- **THE PROBLEM**: Write out the entries exactly, leaving out every picture.

● ● ● ● ●

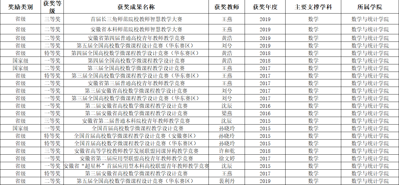 AC米兰中文官方网站2015-2019年教学获奖情况一览表
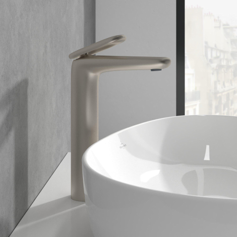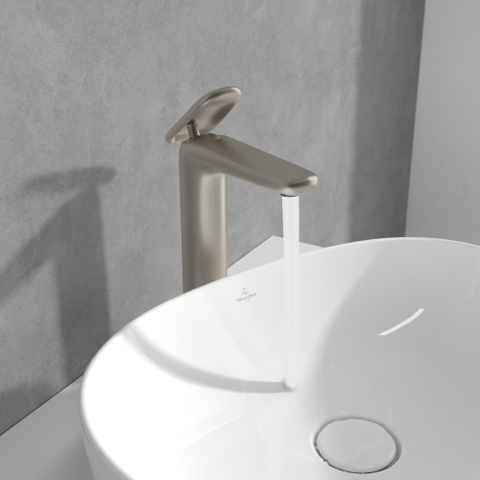 Villeroy & Boch Antao ensemble de robinet à une poignée - rehaussé - avec bonde clic clac - Nickel brossé (inox)
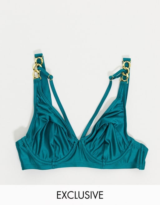 Wolf & Whistle - Exclusivité - Bikini à armatures pour poitrines généreuses avec détail chaîne - Vert
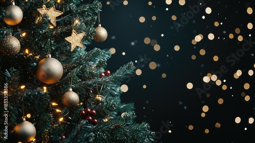 Fototapeta premium Golden ornaments hang from green branches, creating a warm and festive...
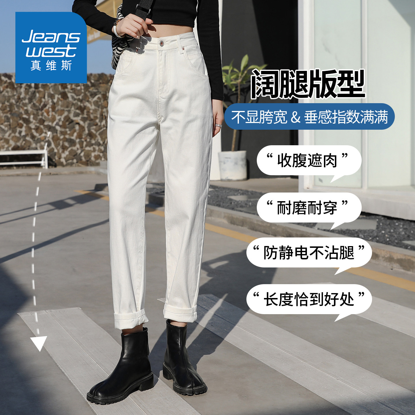 森柔牛仔|森马阔腿牛仔裤女2025秋冬白色牛仔裤简约女士高腰裤子
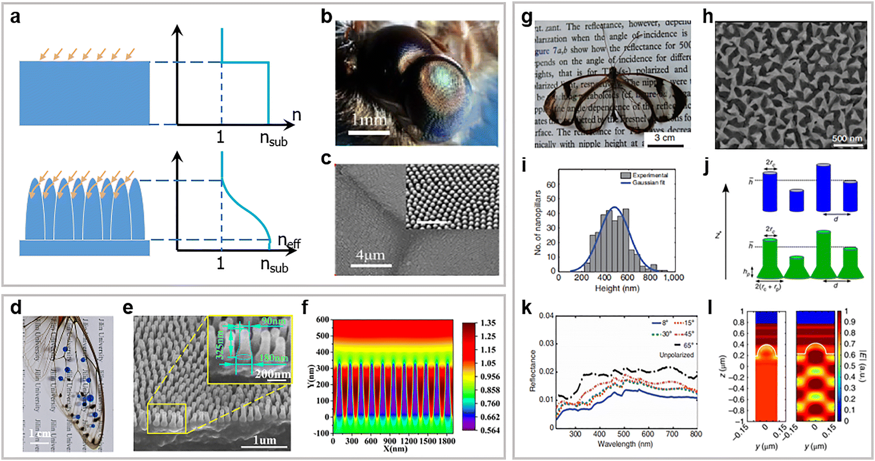 Fig. 6 Gradient index mechanism and disordered structures of biological static system: (a) Diagrams of the mechanism for antireflection of the moth eye and cicada wing. (b)–(f) Anti-reflection mechanism of periodic arrays in moth eyes and cicada wings. (b) Complete compound eyes of a moth and (c) SEM image of the details of ommatidia showing the top view of the surface. Inset is a close-up SEM image to show the sub-wavelength structure array in one ommatidium; scale bar: 1 μm. Reproduced with permission from ref. 92. Copyright (2018) CC BY. (d) Digital photograph of a cicada M. intermedia wing, with droplets on it to show hydrophobicity, placed on a sheet of paper. (e) Magnified image of a cicada wing. (f) Simulated electric field profile for the cicada wing. Reproduced with permission from ref. 95. Copyright (2019) American Chemical Society. (g)–(l) Random nanostructures for the omnidirectional anti-reflection properties of the glasswing butterfly. (g) The wings of the glasswing butterfly (Greta oto) are comprised of three distinct regions, including transparent, deep brown, and white sections. (h) The top perspective reveals the seemingly haphazard arrangement of the columns, a pattern supported by the 2D Fourier power spectrum of the nanostructure positions derived from this SEM image. (i) A statistical analysis of the nanostructure height in the transparent region on the dorsal side of the butterfly wing. (j) The established model diagram of the anti-reflection structure. The glass wing structure is modeled using nanorods with fixed radius but randomly distributed heights. (k) The omnidirectional and broadband reflection in the visible light range. Reproduced with permission from ref. 101. Copyright (2015) Springer Nature. (l) Finite-difference time-domain simulations were utilized to examine the near-field scattering profile in the postdiscal and basal regions at the wavelength of 420 nm. Reproduced with permission from ref. 102. Copyright (2018) Springer Nature. | ||

● ● ● ● ●

- **EXERCISE SOLUTION**:
 AC米兰中文官方网站2015-2019年教学获奖情况一览表
 Villeroy & Boch Antao ensemble de robinet à une poignée - rehaussé - avec bonde clic clac - Nickel brossé (inox)
 Wolf & Whistle - Exclusivité - Bikini à armatures pour poitrines généreuses avec détail chaîne - Vert
 Fototapeta premium Golden ornaments hang from green branches, creating a warm and festive...
 森柔牛仔|森马阔腿牛仔裤女2025秋冬白色牛仔裤简约女士高腰裤子
 Fig. 6 Gradient index mechanism and disordered structures of biological static system: (a) Diagrams of the mechanism for antireflection of the moth eye and cicada wing. (b)–(f) Anti-reflection mechanism of periodic arrays in moth eyes and cicada wings. (b) Complete compound eyes of a moth and (c) SEM image of the details of ommatidia showing the top view of the surface. Inset is a close-up SEM image to show the sub-wavelength structure array in one ommatidium; scale bar: 1 μm. Reproduced with permission from ref. 92. Copyright (2018) CC BY. (d) Digital photograph of a cicada M. intermedia wing, with droplets on it to show hydrophobicity, placed on a sheet of paper. (e) Magnified image of a cicada wing. (f) Simulated electric field profile for the cicada wing. Reproduced with permission from ref. 95. Copyright (2019) American Chemical Society. (g)–(l) Random nanostructures for the omnidirectional anti-reflection properties of the glasswing butterfly. (g) The wings of the glasswing butterfly (Greta oto) are comprised of three distinct regions, including transparent, deep brown, and white sections. (h) The top perspective reveals the seemingly haphazard arrangement of the columns, a pattern supported by the 2D Fourier power spectrum of the nanostructure positions derived from this SEM image. (i) A statistical analysis of the nanostructure height in the transparent region on the dorsal side of the butterfly wing. (j) The established model diagram of the anti-reflection structure. The glass wing structure is modeled using nanorods with fixed radius but randomly distributed heights. (k) The omnidirectional and broadband reflection in the visible light range. Reproduced with permission from ref. 101. Copyright (2015) Springer Nature. (l) Finite-difference time-domain simulations were utilized to examine the near-field scattering profile in the postdiscal and basal regions at the wavelength of 420 nm. Reproduced with permission from ref. 102. Copyright (2018) Springer Nature. | ||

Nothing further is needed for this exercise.